Balanced Sentence Part 1
Balanced Sentence in GPT-2 Part 1
GPT-2 is one of the most widely studied LLM models in the field of mechanistic interpretability. This is due to its lower parameter count, which makes it cost-effective for running experiments, as well as its pioneering role in the field.
Various important papers and blog posts have been published investigating this model in the context of mechanistic interpretability. The most significant ones are the following: (find citations)
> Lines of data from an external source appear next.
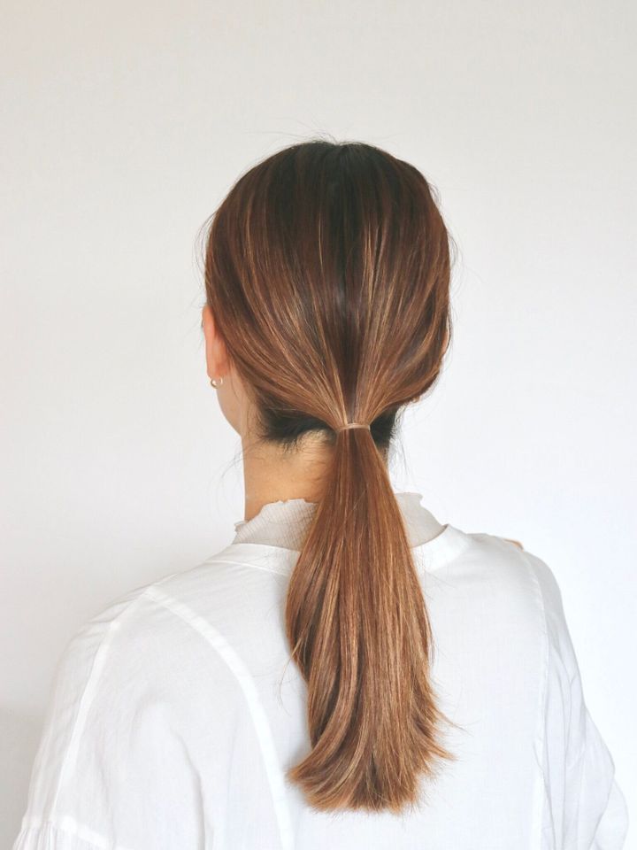 結ぶ高さは、高めでも低めでもお好きな位置でOK!ひとつ結びにします。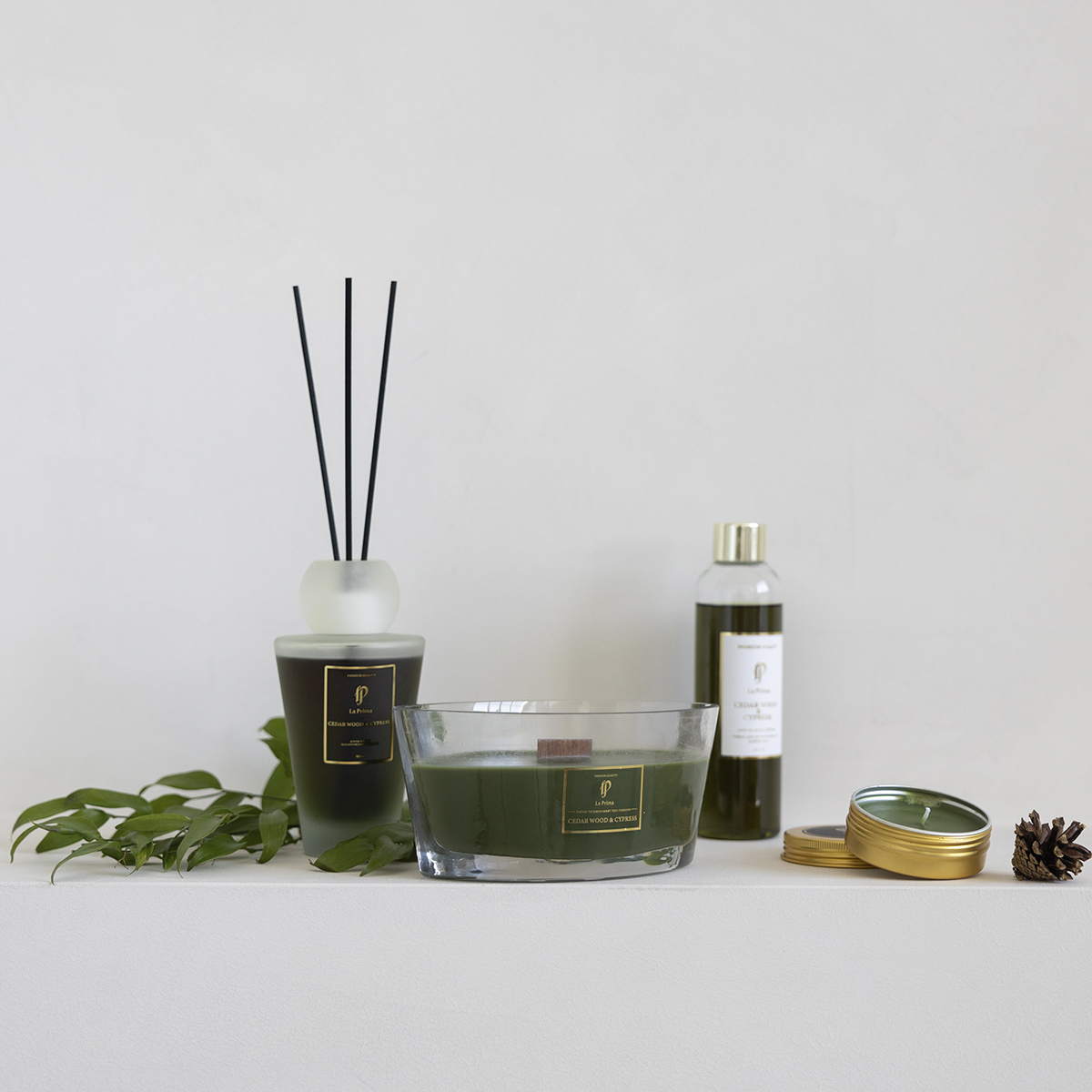 «Cedar wood & cypress» (Кедровое дерево и кипарис) аромат - настроение. Как будто попадаешь в величественный таинственный лес. Пышная хвойная зелень и шумное веселье высоких сводов деревьев. Свежий аромат великолепного кедра подчеркивают богатые ноты сандалового дерева.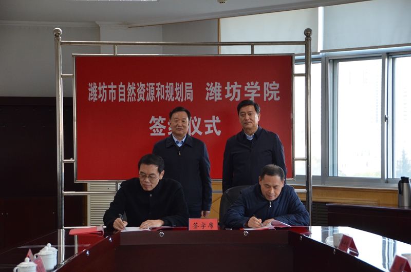 本网讯 10月20日,学校举行与潍坊市自然资源和规划局合作框架协议签约仪式。党委书记李东、副校长王旭升,潍坊市自然资源和规划局局长刘建成、二级调研员温少波出席仪式。副校长王旭升主持签约仪式。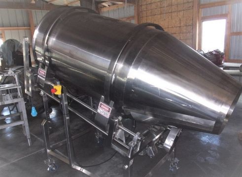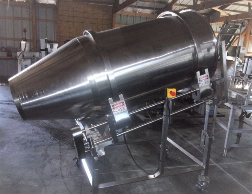 LOOS Machine 32 Inch Diameter Stainless Steel Sanitary Tumble Drum, S/N 9176-0136, Machine meets USDA and WDA specs, 32 Inch diameter X 60 inches long, Adjustable degree of angle for tumble, Emergency stop on both sides of system, 1/2 hp stainless steel washdown motor 208/230 volt - We were told these units were purchased new and never installed - I see a little wear so I am going to reluctanly call these used, These are extremely nice systems built to go into the dairy industry for cheese, Portable on casters, We will crate these units for 500 dollars each to ship common carrier (Loading Fee $150) (Located Hortonville, WI)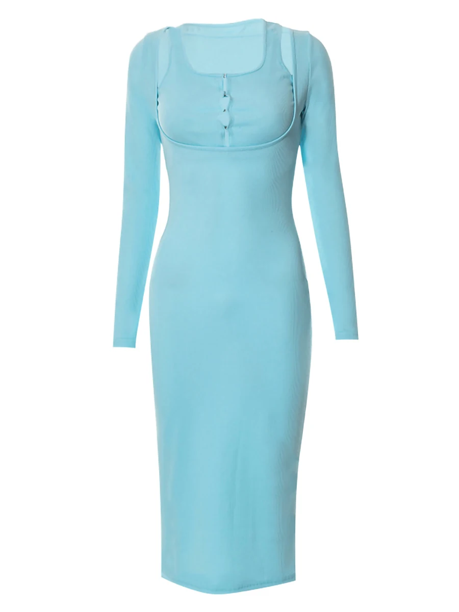 Женское трикотажное платье-миди в рубчик, однотонное платье с длинным рукавом, укороченный топ без рукавов с пуговицами спереди и жилетом

- Interpretability in the Wild
- In-Context Learning and Induction
- A vs. An Neuron
- Gender in GPT
- Parentheses in GPT-2
This work can be divided into two distinct categories: general and narrow work.
For example, “Interpretability in the Wild” falls into the narrow work category due to the specific distribution in which the experiment takes place. This distribution consists of sentences (or prompts) like “Mary and John went to the store; Mary gave a bottle of milk to John.”
This task is particularly well-chosen because all the information needed to perform it successfully is already in the sentence, eliminating the need for any “latent knowledge” to be extracted from the model.
In this post, I want to introduce a new task that, while not as refined as the IOI, can still be useful for understanding some of the inner workings of GPT-2.
Sentence Balancing Task
The task we aim for our model to solve involves completing a type of analogy I call “Sentence Balancing.”
Sentences take the form: “The day is bright; the night is dark
.”
Here, “dark” is the token the model must predict to “balance the sentence.”
Several immediate questions arise, the most important of which is: how well does the model perform this task?
Unfortunately, the answer is: not that great.
There are various ways to measure performance on this task. Some tests have been conducted, revealing that when the sentence generally makes sense, the performance is almost perfect. However, the model’s performance drops significantly when the adjectives and nouns are not related.
This will be further explored later in the post.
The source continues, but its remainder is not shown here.